Setting clear and conducive rules is key. It is also a natural part of a government’s mandate. The rules can be delivered through regulation, processes, and the open sharing of information. Each government has its own methods to enact change, depending on culture and context. The EU taxonomy is a case in point, and sets out what is needed to drive investment to meet energy targets for 2030. It also communicates a shared understanding of what is classified as a sustainable economic activity and what is not.

Regulation tied to the Taskforce on Climate- Related Financial Disclosures (TCFD) is also poised to be made mandatory across G20 countries. The UK recently signalled it will the lead the way in this regard, forcing over 1,300 businesses and financial institutions from April 2022 to disclose climate-related financial information. Other countries will follow suit.

Businesses will also need a clear road map and tailored advice from governments in order make meaningful changes at pace. But sustainability talent is scarce and knowing how to best support the energy transition – without compromising financial performance – can fall outside the expertise of some business leaders and their teams.

Financing can also be a challenge. Incentivising or providing loans can help take some of the remedial hesitancy out of investing in greener technologies like smart metering or more advanced reporting analytics. Investment also needs to be added at the national level, too, providing the right infrastructure – planning the energy grid. All this will help reassure businesses that a greener energy supply is not only good for the planet but also for their bottom lines.

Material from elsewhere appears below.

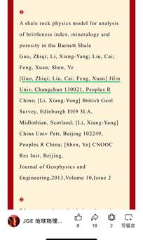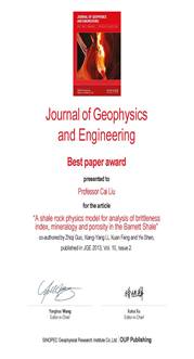 2024年7月12日,著名国际地球物理专业期刊《Journal of Geophysics and Engineering》近期颁布了“JGE 10年优秀论文”奖,本次评选基于文章下载、引用等综合指标,由编委会从过去十年该期刊发表的约1200余篇文章中选出9篇作为获奖文章。公司刘财教授团队发表的以郭智奇、李向阳、刘财、冯晅和沈野等人为作者的“A shale rock physics model for analysis of brittleness index, mineralogy and porosity in the Barnett Shale”一文获此殊荣;该文章发表于JGE期刊2013年第2期,截止目前引用率155次。该团队在国际上较早地开展了页岩储层岩石物理建模技术的研究,建立了综合考虑页岩矿物、有机质、孔隙度等复杂物性及结构特征对应的弹性及力学参数的定量表征方法,为非常规油气储层地震岩石物理技术的发展做出了贡献;引领着计算岩石物理学的发展;在此基础上,科研团队十年以来在非常规油气储层地震岩石物理领域开展了持续系统的研究,取得了系列成果。

The global energy transition is perhaps the most ambitious infrastructure project in human history. And where historically such transitions have spanned decades and centuries, now the timeline is significantly compressed – and businesses should be marshalling every tool at their disposal. Data and reporting solutions can provide an integrated way to support, incentivise and reward companies that rise to the demands of the moment. Ultimately, all stakeholder groups need to take up their roles to create a new sustainable energy landscape. The energy transition will only accelerate once discussion starts to be converted into action. But the time in which we have to act is running out.